このように検索は、消費者の行動だけでなく、彼らの「思考の変化」や「心の動き」を読み解くための重要な手がかりになります。
3. CDJとファネルモデルの違い
3-1. ファネルモデルとは何か
「ファネル」とは“漏斗”を意味し、消費者が最初に商品を認知し、興味を持ち、比較・検討を行い、最終的に購入するというプロセスを一方向で整理した古典的なモデルです。これは主にWebマーケティングや広告運用において使われ、CV(コンバージョン)最大化を目的としています。
しかし、実際の消費者行動は、必ずしも一直線には進みません。途中で離脱したり、別のブランドに乗り換えたり、友人の口コミで再検討に戻ったりと、非線形で複雑な動きをします。

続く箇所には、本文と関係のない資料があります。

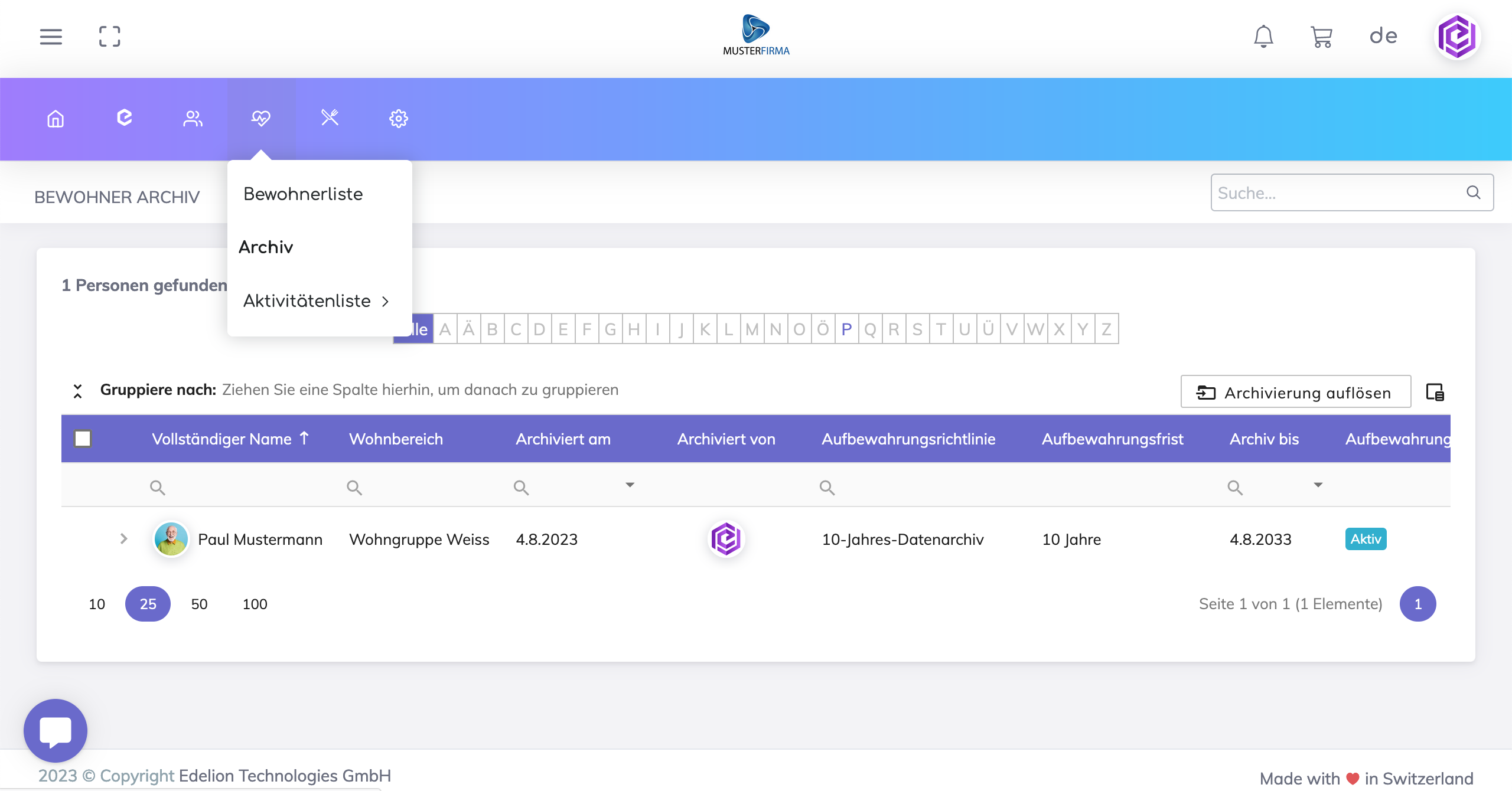 Die Archivliste unterscheidet sich von der Bewohnerliste (mit Filter), da sie archivierungsspezifische Informationen für jeden Datensatz anzeigt, d. h. Archiviert am Datum, Archiviert von, geltende Aufbewahrungsrichtlinie und Aufbewahrungsfrist, Archivierung bis Datum und Aufbewahrungsstatus.

3-2. CDJ(Consumer Decision Journey)とは

CDJは、マッキンゼーが提唱した概念で、消費者行動を“循環型”で捉えるフレームワークです。購入後の体験や満足度、再購入、ブランドロイヤルティの醸成まで含まれたモデルであり、企業と顧客の長期的な関係性を重視します。
たとえば、ある製品を購入し満足した顧客が、SNSでそれをシェアした結果、新たな顧客のジャーニーが始まる──このようなループ構造がCDJの基本的な考え方です。
3-3. 両者の使い分けと連携
ファネルは「短期成果」を最大化するために有効であり、CDJは「ブランド体験」や「関係性構築」に強みを持ちます。

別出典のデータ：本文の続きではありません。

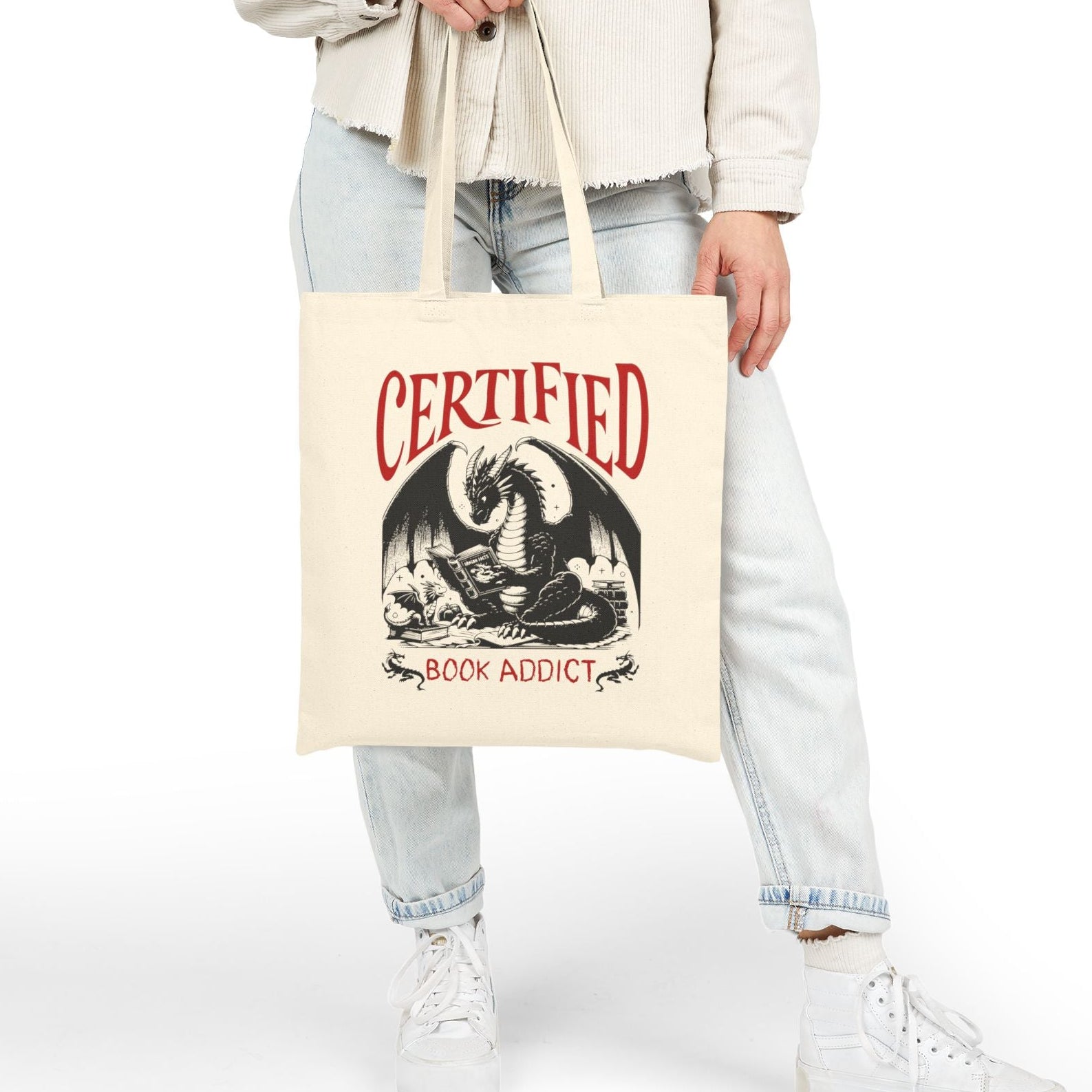 Certified Book Addict Tote Bag — Dragon Reading Canvas Tote, Book Lover Gift, School Bag for Fantasy Fan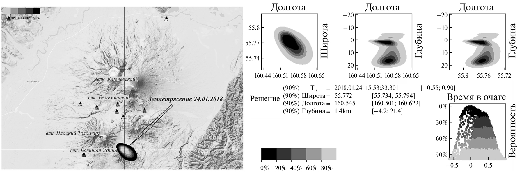 Рис. 8. Апостериорные распределения вероятностных оценок положения гипоцентра и времени в очаге сейсмического события в районе вулкана Удина 24.01.2018, ML = 1.5. Обозначения как на рис. 5.

どちらか一方だけでは不十分で、たとえばファネルで刈り取ったリードに対して、CDJ型の体験設計を通じてファン化していく、という流れが理想的です。
4. 検索データを活用したジャーニー分析の実例
4-1. 検索データが可能にする多角的な分析
検索という行動は、表面的には単なる情報取得の手段に見えるかもしれません。しかし、その中には「誰が」「いつ」「どんな目的で」「どのような言葉を使って」検索したのか、という膨大な文脈と背景が含まれています。
これらを体系的に分析することで、企業は消費者の認知・比較・購入に至るまでのあらゆる行動のパターンを、客観的かつ高精度に捉えることができます。具体的には、次のような分析が可能になります。
4-2. 代表的な分析パターン

- ① 購買要因の抽出
例:「7人乗り SUV」や「小型 EV 200万円以下」などの検索は、広さや価格といった重視ポイントを明示しています。これらの検索から、購買の際にどの要素が意思決定に影響を与えているかを定量的に把握できます。 - ② 関心トピックの特定と優先順位付け
どのトピックに対して検索数が多いかを時系列で分析することで、ユーザーの関心度合いや関心の変化、トレンドの兆しを読み取ることができます。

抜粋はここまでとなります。